Our 'mother culture' is such that if we mom's can't 'handle' handling everything, then we have no business having any further children. Hmmm......I have problems with this modern thinking. Communities used to help each other. I read some study that in Asia, to help prevent post-partum depression or basically to just help the new mom, the Grandma's and Aunts etc. would help care for the other children for........ready?.....two months. Wow. That is a lot of rest. It seems the church can do the same sort of thing, but better, caring for body and soul. We provide dinners which is an extremely big help, but I know speaking for this mom, I am hesitant to allow the church family to do more than that. What mom would not be relieved to have this help though. We moms just set ourselves up to 'be able to handle' things ourselves. The Asia study was interesting to me in that there is a LOW incidence of emotional stress in new moms in countries with this help. It was just interesting to me is all.
Older kids. My kids can 'handle' things but I do think that older kids should not ALWAYS bear the whole weight of family additions. The dad is in charge. The mom can NOT do it all. Kids are still kids. We watch them struggle with completing their own responsibilities. They certainly know how to help with their younger siblings but with MOM TOO! I have sympathy for my own children as they help with their younger siblings a lot and are pretty sensitive to the needs of other moms with their kids so........this is yet another reason this mom does not take care of herself or allow others to do so. I should be able to handle it. This is not pick on dad time but there must be SOME reason God made the dad stronger with deeper vocal chords.....life is just more efficient with their input.
The mom in this country is supposed to either be back on her feet handling things or back at work in a matter of weeks. This is a thinking-out-loud processing moment. Not a request. (That was a backwards statement). Is having a baby or struggling with anything a sign of weakness? Well.......in a sense yes. Is that okay? Yes! Strong in weakness. Isn't that what we are taught? I think we do not let ourselves and others live it though. Come Lord Jesus!
So I have had many goals to get this house in shape but I realize I need to take all that one little step at a time and chill.
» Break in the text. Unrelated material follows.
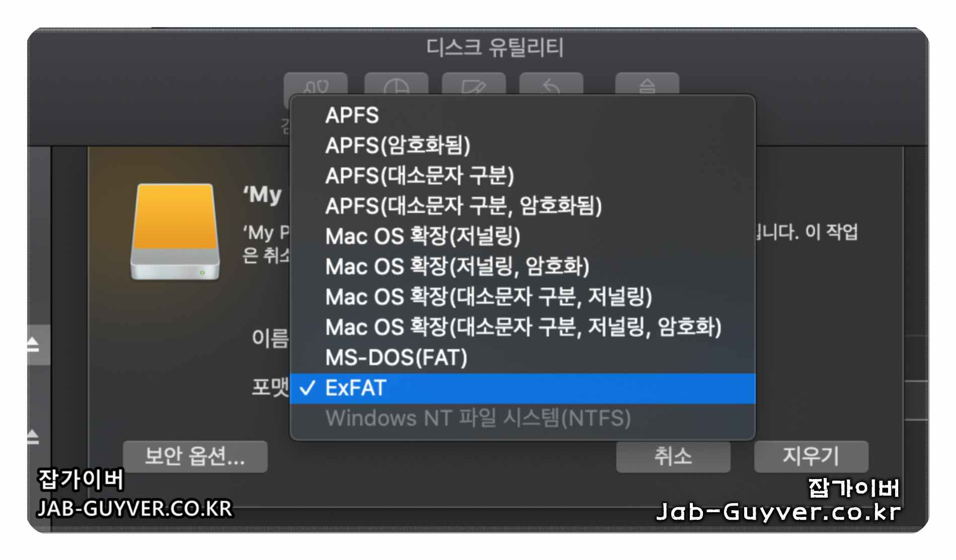 • macOS Extended: 맥의 기본 파일 시스템으로 윈도우에서는 읽기만 가능하고 쓰기가 불가능합니다.

If it gets done great. If it doesn't that will have to be okay. I ALREADY HAVE a ninth child to take care of and my independence stands in the way there as well. We can not 'see' the child but I still need to take care of him/her. I am just going to have to swallow my pride and keep things calm and simple. Calm and simple is not the American way. I am looking forward to the new little one and do not want to miss out on the fleeting time that infants are infants. Chill Karin.
Thankful for Christ's love and mercy for even me.